Single by Tantric

from the album Tantric
- Released: 2001
- Genre: Alternative rock; post-grunge; soft rock; acoustic rock;
- Length: 4:21
- Label: Maverick
- Songwriter(s): Hugo Ferreira; Matt Taul; Jesse Vest; Todd Whitener;
- Producer(s): Toby Wright

Tantric singles chronology
| "Astounded" (2001) | "Mourning" (2001) | "Hey Now" (2004) |

Music video
- "Mourning" on YouTube

= Mourning (Tantric song) =

"Mourning" is a song written and recorded by the American rock band Tantric. It was released as the third single from the band's self-titled debut album in October 2001 via Maverick Records.

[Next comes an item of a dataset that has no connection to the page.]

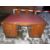 AN ANTIQUE PINE LEATHER TOPPED PARTNERS DESK H-77 W-168 CM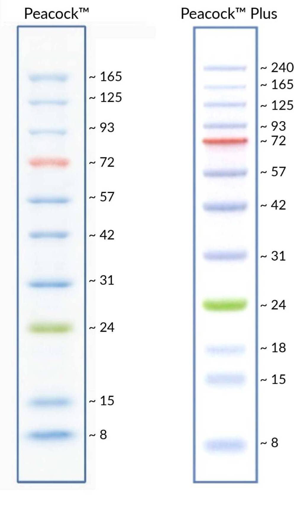 | Peacock™ Plus Prestained Protein Marker | 21531 | 50 uL or 500 uL | • Visible color protein marker for SDS-PAGE and western • 10 blue bands ranging from 8 kDa to 245 kDa • Red/green bands at 75 kDa/25 kDa |

==Background composition==
"Mourning" was written by lead singer Hugo Ferreira, drummer Matt Taul, bassist Jesse Vest, and lead guitarist Todd Whitener. Like much of the band's debut album Tantric, "Mourning" is heavily influenced with elements of the typical early 2000s post-grunge and alternative rock sounds while incorporating the band's signature acoustic-driven sound layered with heavy electric guitar riffs and Ferreira's raspy vocal harmonies.

Lyrically, "Mourning" explores themes of loss, regret, and emotional closure, reflecting on the aftermath of a broken relationship. The song's melancholic yet anthemic tone, combined with Ferreira's distinctive deep and baritone vocal delivery became one of the band's most recognized tracks and the band's overall identity.

==Charts==
The song received significant airplay on American rock radio stations in late 2001, peaking at number 18 on Billboards Mainstream Rock Tracks chart and number 22 on the Modern Rock Tracks chart.

| Chart (2001–2002) | Peak position |
|---|---|
| US Mainstream Rock Tracks (Billboard) | 18 |
| US Modern Rock Tracks (Billboard) | 22 |

==Music video==
The official music video, directed by Liz Friedlander and produced by Chris Kraft of DNA Inc, was released in December 2001.

== Appearances ==
"Mourning" was used in the soundtrack to the 2002 film The Salton Sea.